Dataset section>
--- START ---

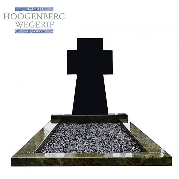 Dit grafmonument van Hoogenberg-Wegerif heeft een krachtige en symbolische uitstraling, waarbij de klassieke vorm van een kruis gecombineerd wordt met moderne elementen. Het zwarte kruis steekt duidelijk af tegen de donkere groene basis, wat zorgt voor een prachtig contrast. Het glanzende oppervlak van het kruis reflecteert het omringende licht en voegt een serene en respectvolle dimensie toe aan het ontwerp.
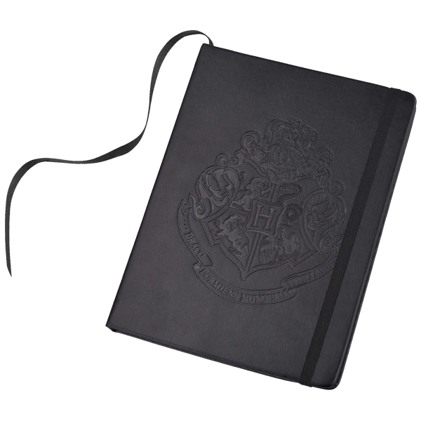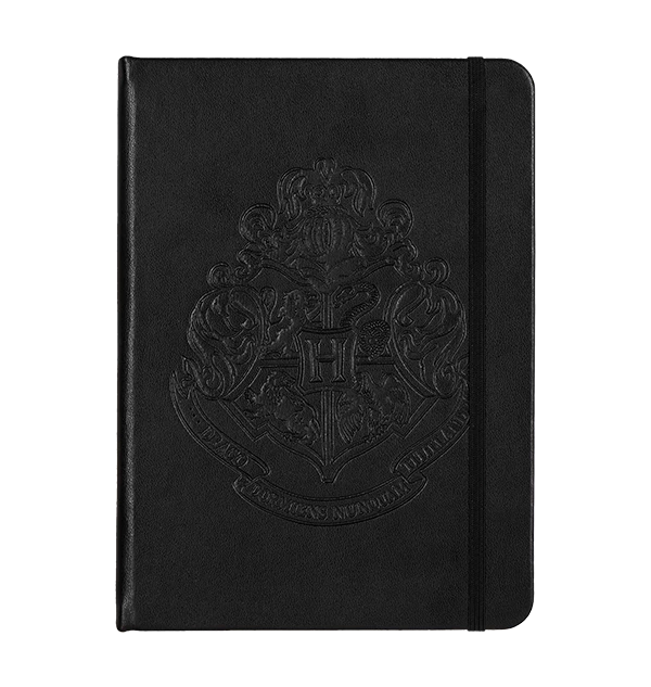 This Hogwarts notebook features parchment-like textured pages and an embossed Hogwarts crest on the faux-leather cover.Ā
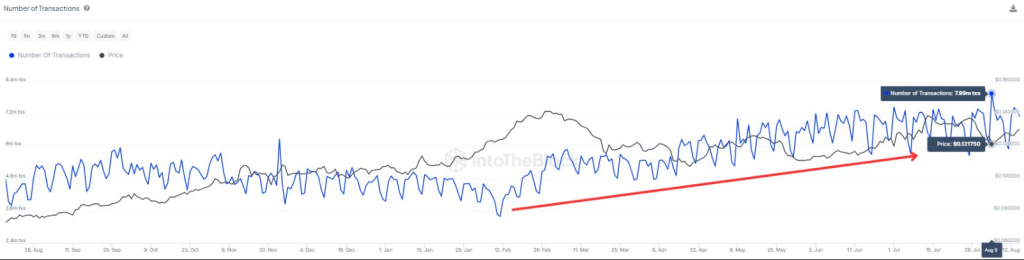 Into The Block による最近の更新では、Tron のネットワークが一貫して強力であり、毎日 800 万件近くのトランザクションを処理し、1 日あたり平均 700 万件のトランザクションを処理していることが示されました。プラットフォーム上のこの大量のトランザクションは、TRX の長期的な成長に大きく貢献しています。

--- END ---

Task prompt> An exact reproduction of the data above is required, with every picture removed.

Result of this task>
 Dit grafmonument van Hoogenberg-Wegerif heeft een krachtige en symbolische uitstraling, waarbij de klassieke vorm van een kruis gecombineerd wordt met moderne elementen. Het zwarte kruis steekt duidelijk af tegen de donkere groene basis, wat zorgt voor een prachtig contrast. Het glanzende oppervlak van het kruis reflecteert het omringende licht en voegt een serene en respectvolle dimensie toe aan het ontwerp.
 This Hogwarts notebook features parchment-like textured pages and an embossed Hogwarts crest on the faux-leather cover.Ā
 Into The Block による最近の更新では、Tron のネットワークが一貫して強力であり、毎日 800 万件近くのトランザクションを処理し、1 日あたり平均 700 万件のトランザクションを処理していることが示されました。プラットフォーム上のこの大量のトランザクションは、TRX の長期的な成長に大きく貢献しています。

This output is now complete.